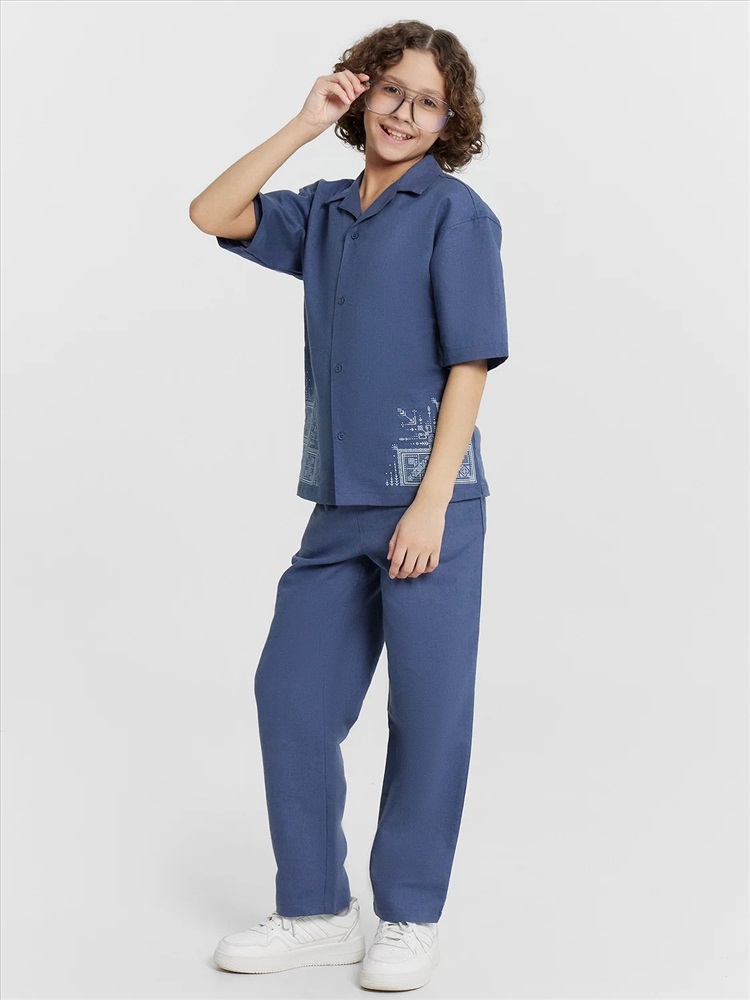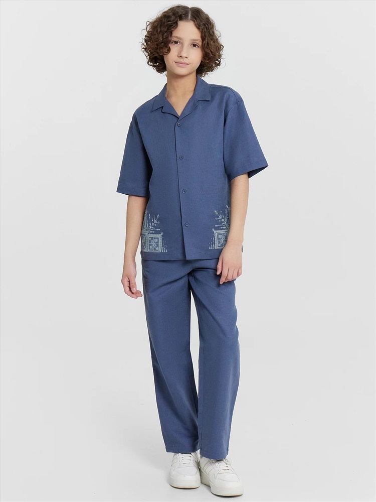 Брюки для мальчиков из ткани. Брюки длинные с классической линией талии. Силуэт прямой, брюки заужены немного к низу. Пояс цельнокроеный. Верхний срез брюк
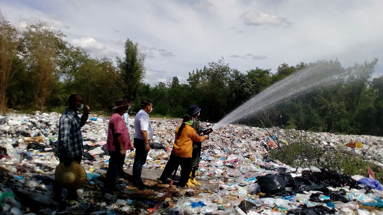 ด้าน นายนิพนธ์ จิตตปัญญา รองนายกเทศมนตรีตำบลยุหว่า กล่าวว่าหลังจากที่ปัญหานี้ได้เสนอ และได้รับมอบสารจุลินทรีย์ ทางเทศบาลจึงได้สนับสนุนรถดับเพลิงขนาดบรรทุกน้ำ 4 พันลิตร ผสมสารจุลินทรีย์เข้าทำการพ่นคลุมกองขยะ ทั้งสามจุด 3 เที่ยว เป็นจำนวนถึง 12000 ลิตร ครอบคลุมพื้นที่กองขยะที่ส่งกลิ่นเหม็น หลังการพ่นสารจุลินทรีย์แล้วเสร็จ ภายหลัง 1 ชั่วโมง กลิ่นเน่าเหม็นก็เริ่มจางลดลงไปได้ หายใจได้คล่องขึ้นโดยไม่ต้องสวมหน้ากากกรองอากาศ ถือว่าเป็นการช่วยบรรเทาความเดือดร้อนให้กับประชาชนในเบื้องต้น
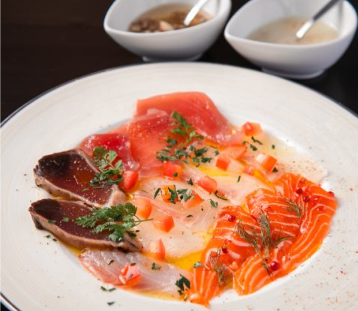 特に「本日鮮魚のカルパッチョ5種盛り」は、鮮やかな彩りが目を引く看板メニュー。

[Exercise instructions]
Output the full listing verbatim; pictures stay out.

[Response to this task]
 Брюки для мальчиков из ткани. Брюки длинные с классической линией талии. Силуэт прямой, брюки заужены немного к низу. Пояс цельнокроеный. Верхний срез брюк
 ด้าน นายนิพนธ์ จิตตปัญญา รองนายกเทศมนตรีตำบลยุหว่า กล่าวว่าหลังจากที่ปัญหานี้ได้เสนอ และได้รับมอบสารจุลินทรีย์ ทางเทศบาลจึงได้สนับสนุนรถดับเพลิงขนาดบรรทุกน้ำ 4 พันลิตร ผสมสารจุลินทรีย์เข้าทำการพ่นคลุมกองขยะ ทั้งสามจุด 3 เที่ยว เป็นจำนวนถึง 12000 ลิตร ครอบคลุมพื้นที่กองขยะที่ส่งกลิ่นเหม็น หลังการพ่นสารจุลินทรีย์แล้วเสร็จ ภายหลัง 1 ชั่วโมง กลิ่นเน่าเหม็นก็เริ่มจางลดลงไปได้ หายใจได้คล่องขึ้นโดยไม่ต้องสวมหน้ากากกรองอากาศ ถือว่าเป็นการช่วยบรรเทาความเดือดร้อนให้กับประชาชนในเบื้องต้น
 特に「本日鮮魚のカルパッチョ5種盛り」は、鮮やかな彩りが目を引く看板メニュー。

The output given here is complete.